● BRIEF: What you return must be exactly the lines from the beginning of the material through the line containing "ハンディドライバー 48点セット |", both included, and no pictures.

☆ ☆ ☆ ☆ ☆

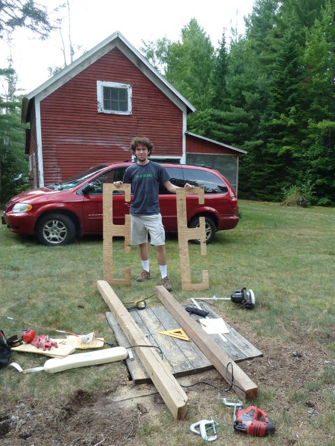 The finished products! You can’t see here, but the wood is pretty thin so I added reinforcing pieces along the T-shaped arm in the middle. (the guest house is in the background. The ugly patch of new paint was Dad’s idea of a good way to get rid of the leftover when he painted the main house.) Also, I realized the other day how awesome it is that my car matches the houses.
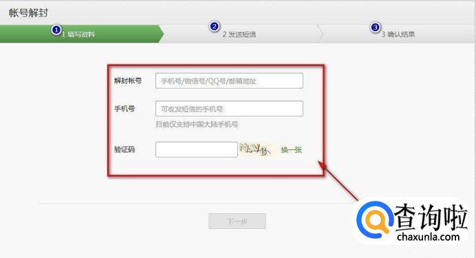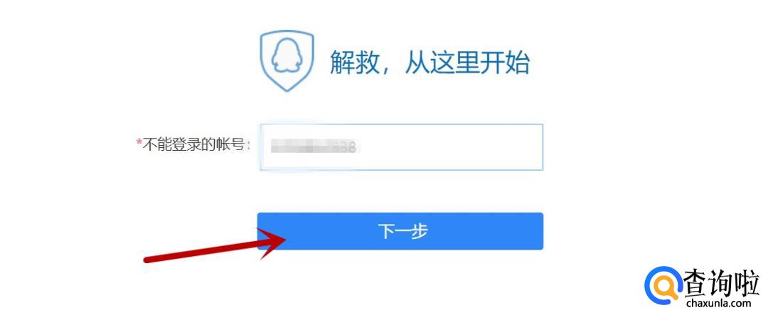 进入界面后,在输入栏输入你被封的QQ号,用鼠标点击“下一步”。
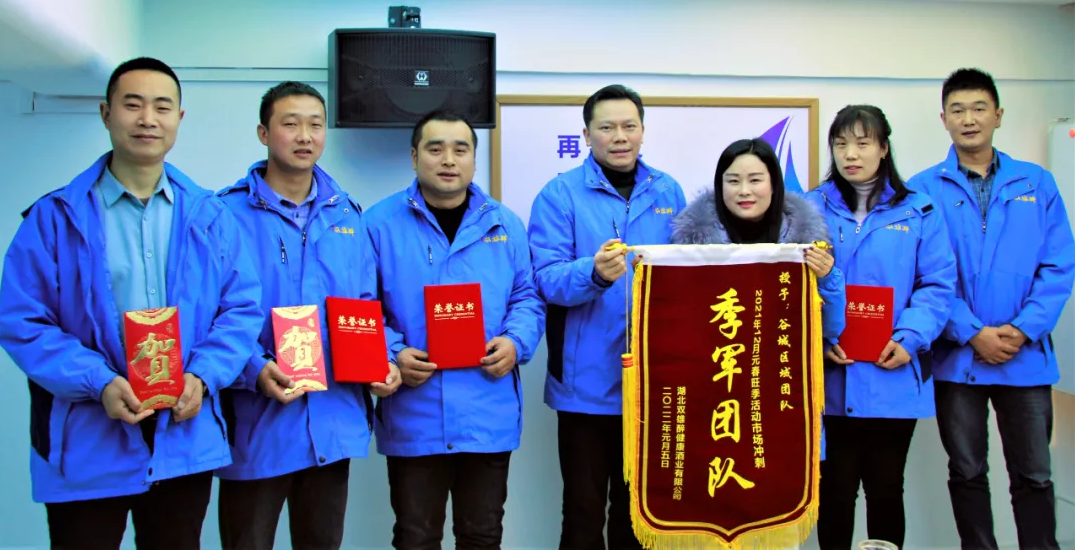 2022年1月5日,雙雄醉健康酒業(yè)全員齊聚在襄陽營銷總部召開1月營銷工作會議。表彰先進(jìn)樹典型,凝聚力量再出發(fā),大會對一階段表現(xiàn)優(yōu)秀的區(qū)域和個人進(jìn)行表彰。讓我們懷著激動的心,掀開歷史嶄新的一頁,為英雄們喝彩!
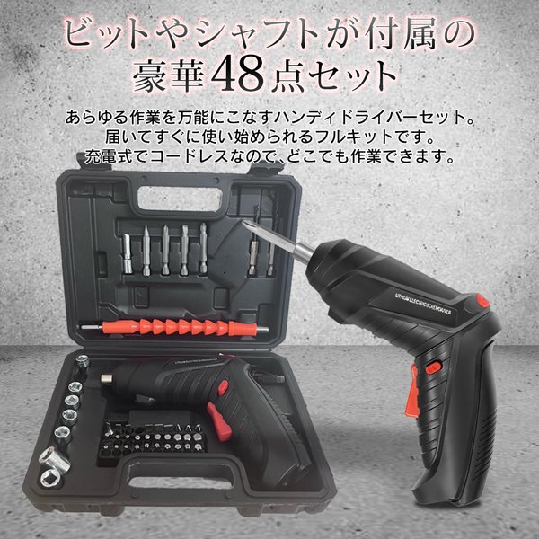 | USB充電 ピストル型・ストレート型の2WAY ハンディドライバー 48点セット |
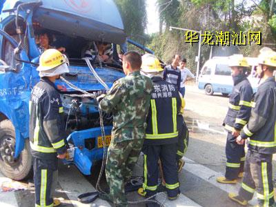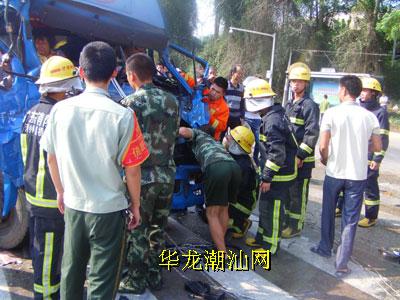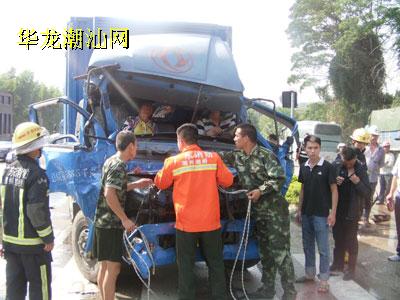 本报记者 刘漫娜 昨天下午1点45分左右,汕汾高速公路延长线溪口亭路段发生一起交通事故,一辆载有海鲜的货车撞上一辆集装车的后厢。事故造成3名人员受伤,其中货车司机与副驾驶座上一名妇女被困驾驶室,情况十分危急。 记者赶到时,消防、交警及120救护人员正在现场展开救援。记者见到,集装车的备用油箱正渗透着大量的汽油,而货车的车头已严重受损变形,碎玻璃洒落一点,司机和副驾驶座上的一名妇女双腿都被变形的车头卡住,无法移动脱险,情况十分危急。 消防官兵赶到现场后,先对事故现场进行勘查。“为了救出被困人员,我们出动救援车,用牵引车把货车车头变形的构件往外拉。”据现场消防官兵介绍,他们先将救援绳索往外拉,把副驾驶的妇女救出。随后,消防人员利用液压扩张器对变形车头进行破拆和扩张,好让驾驶员的身体可以慢慢移动。经过一个多小时的紧张救援,2名被困人员终于成功救出,并送往医院救治。 据了解,这辆载有海鲜的货车准备开往饶平,在经过汕汾高速延长线溪口亭路段时,撞上一辆横过集装车的后厢,事故还导致货车上另一名乘坐人员受伤。事故发生后,湘桥公安消防中队立即出动一辆多功能战车、一台抢险救援车、一台水罐车和10多消防官兵赶赴现场救援。目前,事故原因还在进一步调查中。
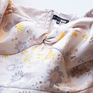 Mixed blooms bring retro vibes to this shapely Slate & Willow mini styled with puffed sleeves and an A-line skirt. $315 retail.
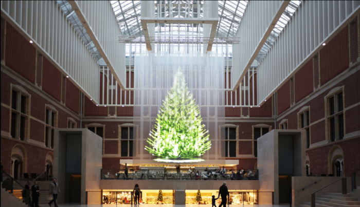 Animating the entrance hall of the Rijksmuseum and lifting visitors' holiday spirits the holographic Tree of Light by Droog reimagines the traditional Christmas tree.
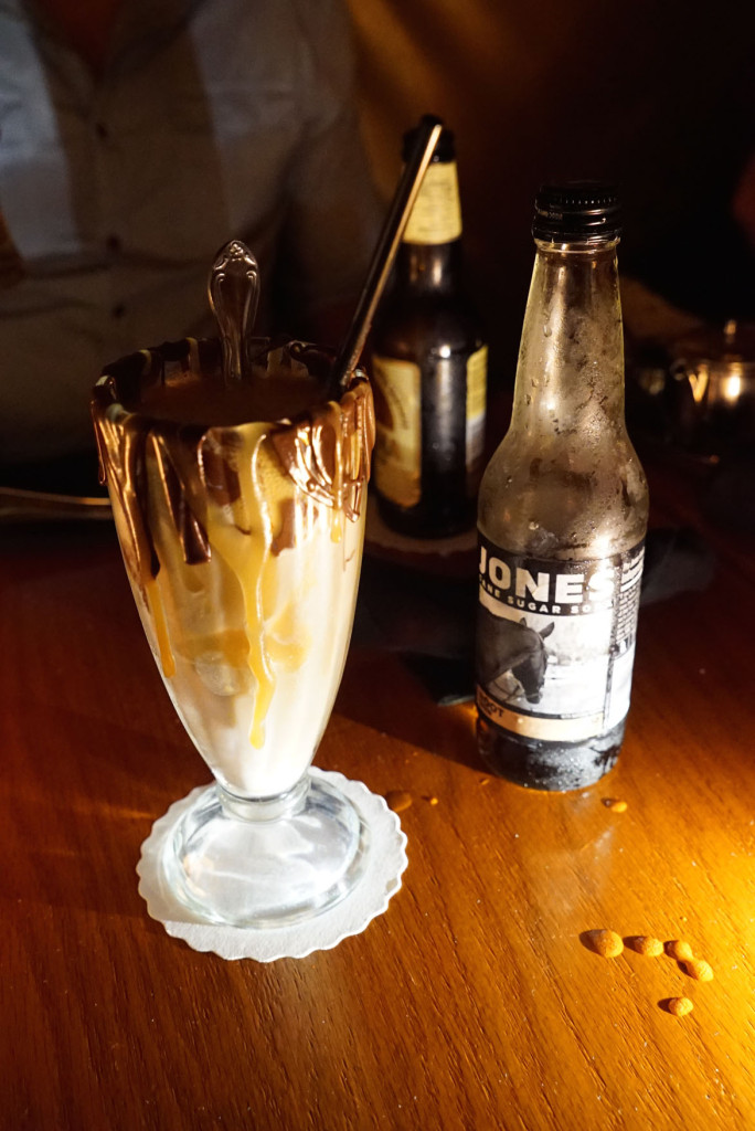 This place does a lot of interesting drinks too, like “rimmed” glasses of wine or root beer floats with chocolate and caramel:

☆ ☆ ☆ ☆ ☆

● RESULT OF THIS TASK:
 The finished products! You can’t see here, but the wood is pretty thin so I added reinforcing pieces along the T-shaped arm in the middle. (the guest house is in the background. The ugly patch of new paint was Dad’s idea of a good way to get rid of the leftover when he painted the main house.) Also, I realized the other day how awesome it is that my car matches the houses.
 进入界面后,在输入栏输入你被封的QQ号,用鼠标点击“下一步”。
 2022年1月5日,雙雄醉健康酒業(yè)全員齊聚在襄陽營銷總部召開1月營銷工作會議。表彰先進(jìn)樹典型,凝聚力量再出發(fā),大會對一階段表現(xiàn)優(yōu)秀的區(qū)域和個人進(jìn)行表彰。讓我們懷著激動的心,掀開歷史嶄新的一頁,為英雄們喝彩!
 | USB充電 ピストル型・ストレート型の2WAY ハンディドライバー 48点セット |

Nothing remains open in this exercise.